An introduction to semi-Riemannian geometry as a foundation for general relativity

Semi-Riemannian Geometry: The Mathematical Language of General Relativity is an accessible exposition of the mathematics underlying general relativity. The book begins with background on linear and multilinear algebra, general topology, and real analysis. This is followed by material on the classical theory of curves and surfaces, expanded to include both the Lorentz and Euclidean signatures.

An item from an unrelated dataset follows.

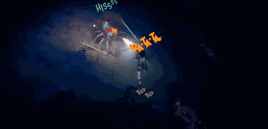 而這就使得“擬聲詞”作為一種聲音的視覺化表現元素,一方面在功能上作為一種相當好用的提醒道具;而在另一方面,無時不刻都在彈出的“擬聲詞”又會讓玩家更加注意環境中的聲音要素,加劇了玩家在游玩時的緊張感,從而為游戲帶來更具沉浸感的驚悚游玩體驗。

The remainder of the book is devoted to a discussion of smooth manifolds, smooth manifolds with boundary, smooth manifolds with a connection, semi-Riemannian manifolds, and differential operators, culminating in applications to Maxwell's equations and the Einstein tensor. Many worked examples and detailed diagrams are provided to aid understanding. This book will appeal especially to physics students wishing to learn more differential geometry than is usually provided in texts on general relativity.

STEPHEN C. NEWMAN is Professor Emeritus at the University of Alberta, Edmonton, Alberta, Canada. He is the author of Biostatistical Methods in Epidemiology and A Classical Introduction to Galois Theory, both published by Wiley.
 Auflage: 1. Auflage Sprache: Englisch Dateigröße: 22,46 MB Schlagworte: ISBN-13: 978-1-119-51755-9 (9781119517559)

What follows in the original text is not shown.